» What you will do
In this exercise, print only the lines of the records below from the one with "To remove cities" through the one with "technology - Black", inclusive. Pictures are not part of the copy.

Data for analysis section start

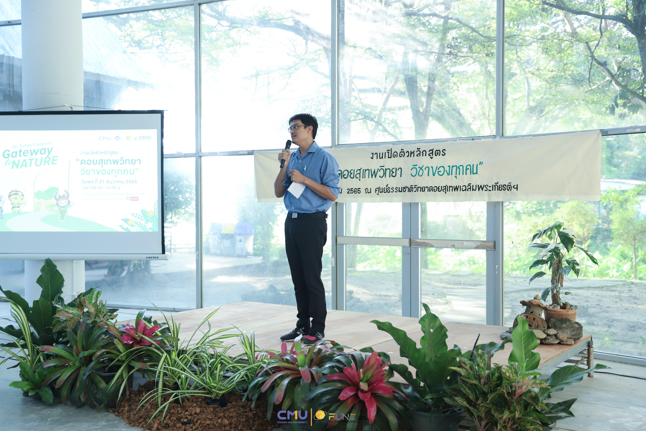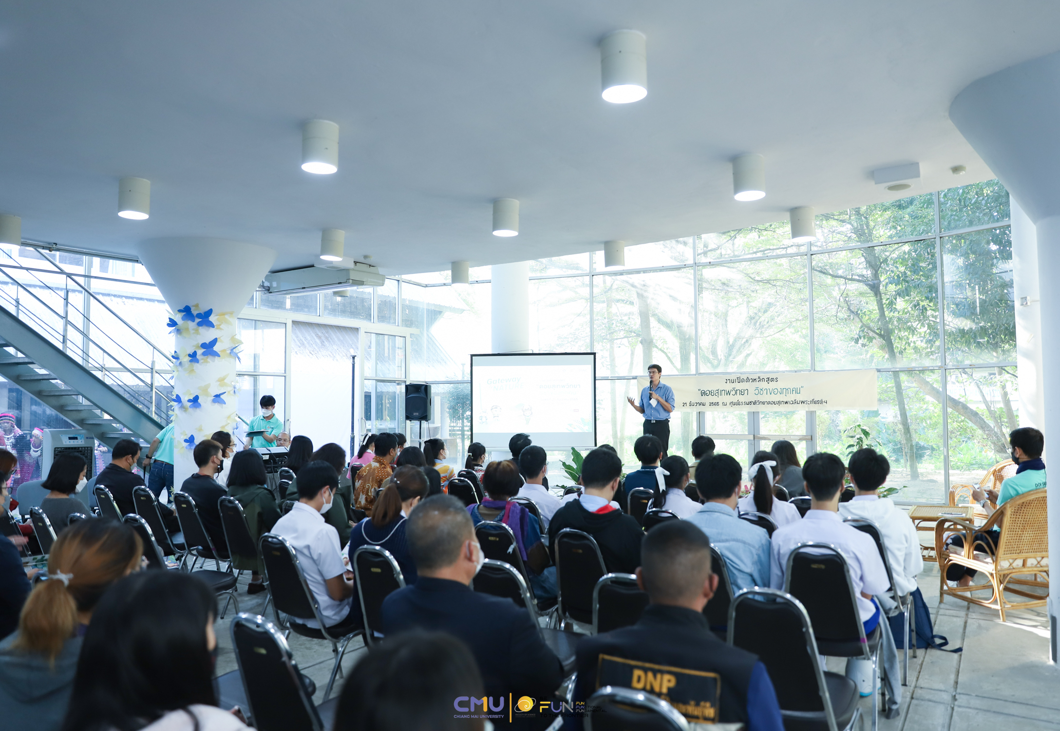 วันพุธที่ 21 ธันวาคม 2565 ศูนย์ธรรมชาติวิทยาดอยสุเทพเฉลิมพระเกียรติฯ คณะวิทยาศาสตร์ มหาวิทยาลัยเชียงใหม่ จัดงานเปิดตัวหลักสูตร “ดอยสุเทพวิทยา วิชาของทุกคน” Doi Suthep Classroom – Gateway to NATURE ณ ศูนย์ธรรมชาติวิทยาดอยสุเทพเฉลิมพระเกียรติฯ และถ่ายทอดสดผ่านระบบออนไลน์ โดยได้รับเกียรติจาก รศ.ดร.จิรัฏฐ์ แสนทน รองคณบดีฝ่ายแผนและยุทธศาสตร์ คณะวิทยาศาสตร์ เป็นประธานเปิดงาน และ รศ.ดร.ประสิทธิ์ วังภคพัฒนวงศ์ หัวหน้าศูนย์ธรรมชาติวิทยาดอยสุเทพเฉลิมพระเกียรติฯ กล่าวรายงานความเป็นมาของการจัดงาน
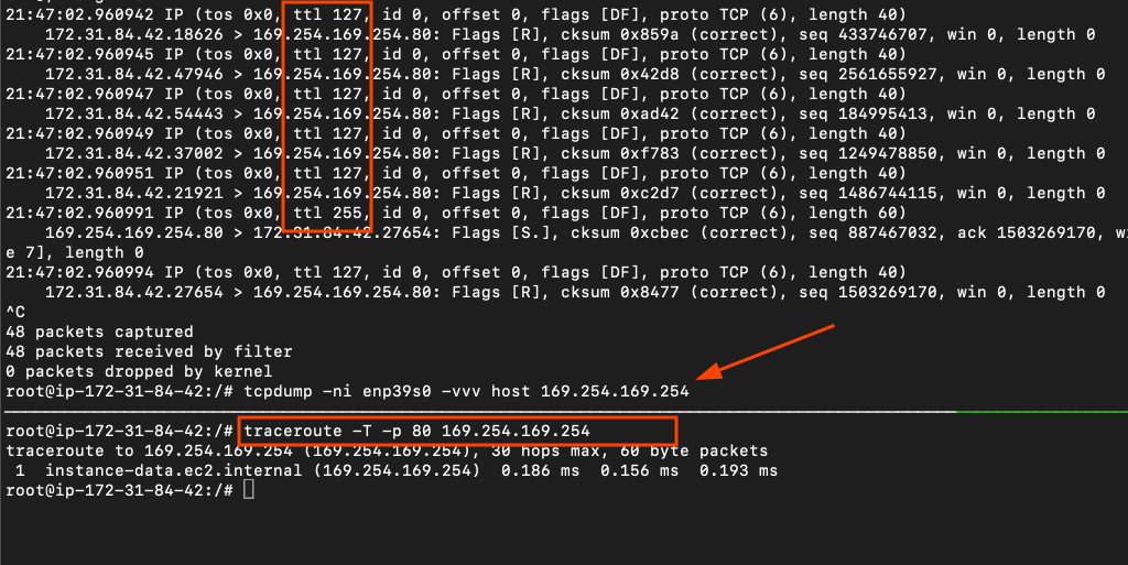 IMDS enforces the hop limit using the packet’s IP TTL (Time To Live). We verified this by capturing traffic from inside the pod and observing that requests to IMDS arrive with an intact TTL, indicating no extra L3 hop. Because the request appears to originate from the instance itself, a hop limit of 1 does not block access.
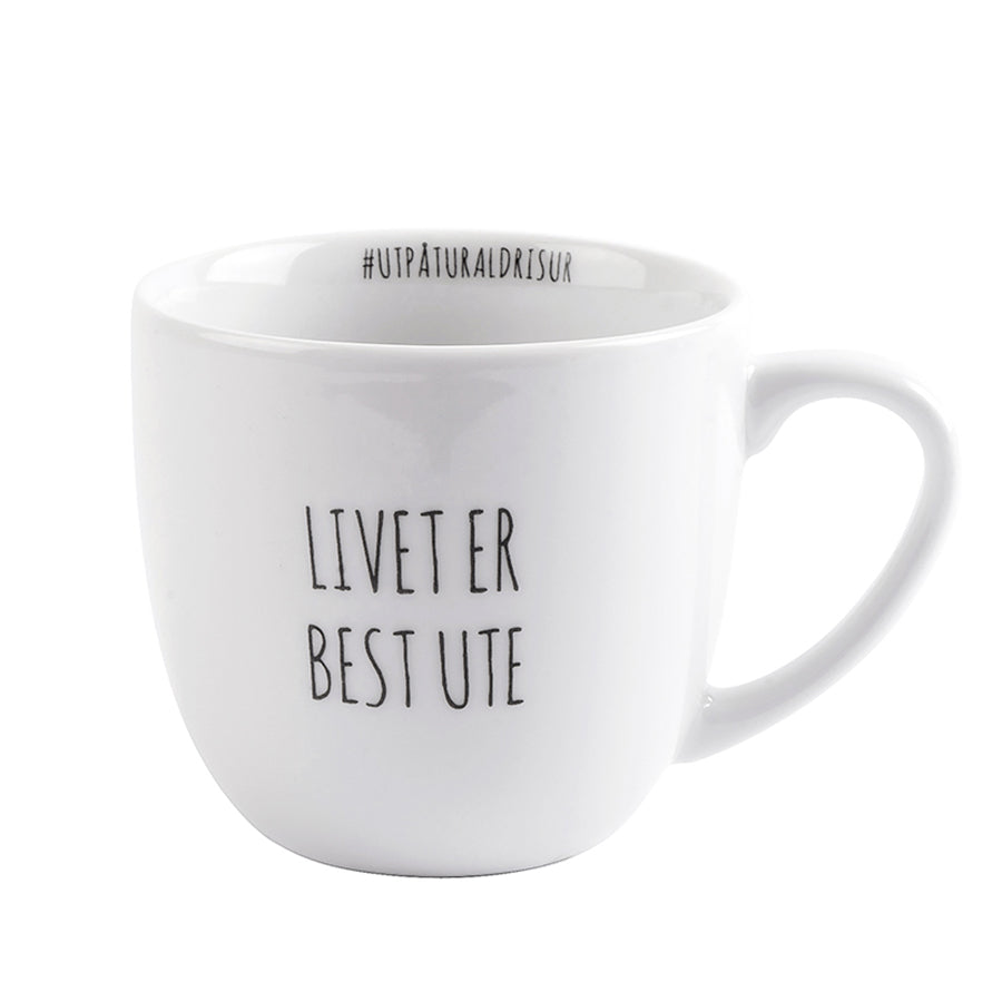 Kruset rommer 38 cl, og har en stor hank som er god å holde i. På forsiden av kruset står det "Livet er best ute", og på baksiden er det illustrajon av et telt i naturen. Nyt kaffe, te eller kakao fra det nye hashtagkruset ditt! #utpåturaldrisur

Data for analysis section end
Data for analysis section start

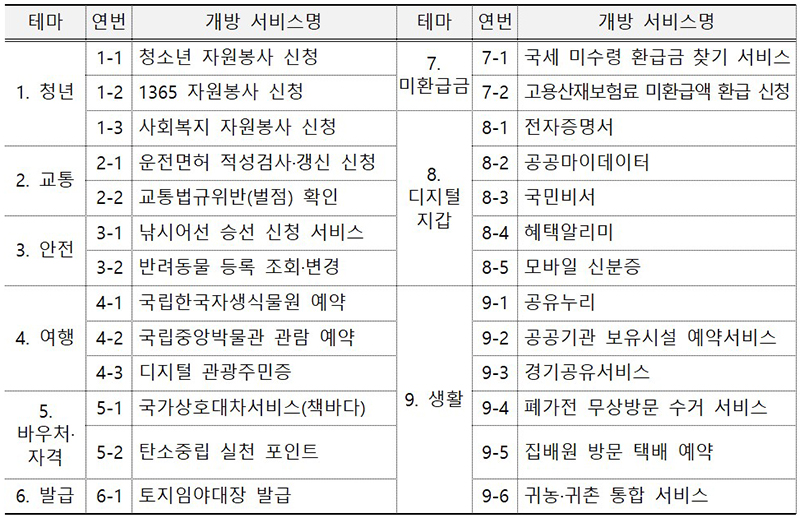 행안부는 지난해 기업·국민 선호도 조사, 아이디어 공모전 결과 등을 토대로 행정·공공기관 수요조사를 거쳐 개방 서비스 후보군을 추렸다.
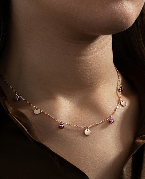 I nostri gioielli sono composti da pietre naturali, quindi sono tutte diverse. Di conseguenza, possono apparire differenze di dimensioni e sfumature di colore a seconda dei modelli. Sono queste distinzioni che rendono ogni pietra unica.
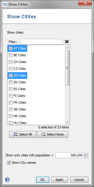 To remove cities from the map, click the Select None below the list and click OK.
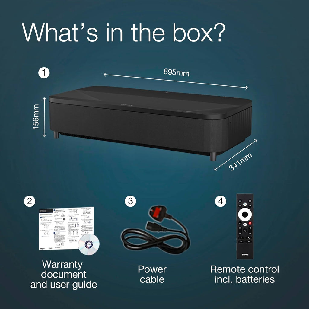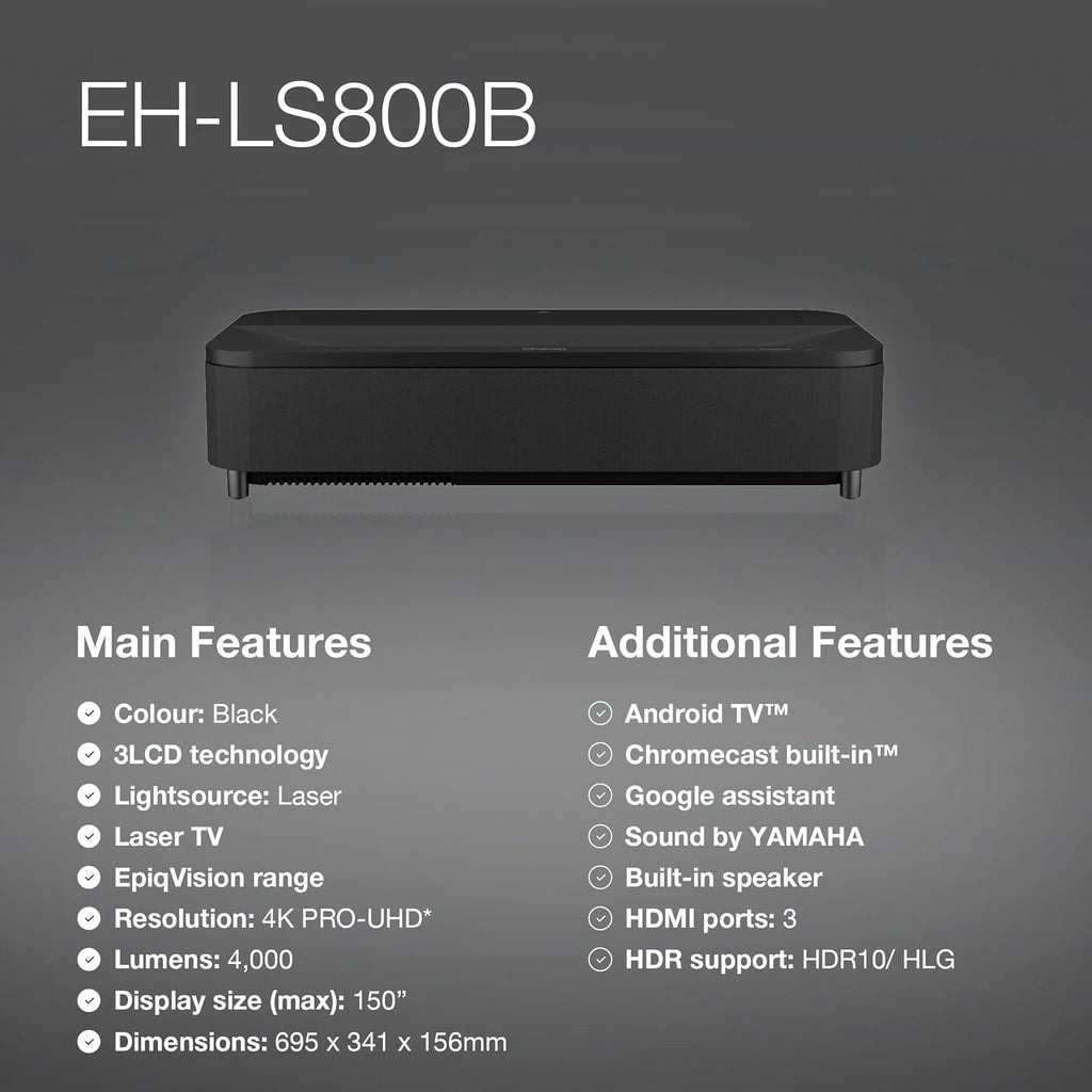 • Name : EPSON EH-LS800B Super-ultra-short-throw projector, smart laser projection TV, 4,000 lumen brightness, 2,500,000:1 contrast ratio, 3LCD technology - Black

Data for analysis section end

» Result for this task
 To remove cities from the map, click the Select None below the list and click OK.
 • Name : EPSON EH-LS800B Super-ultra-short-throw projector, smart laser projection TV, 4,000 lumen brightness, 2,500,000:1 contrast ratio, 3LCD technology - Black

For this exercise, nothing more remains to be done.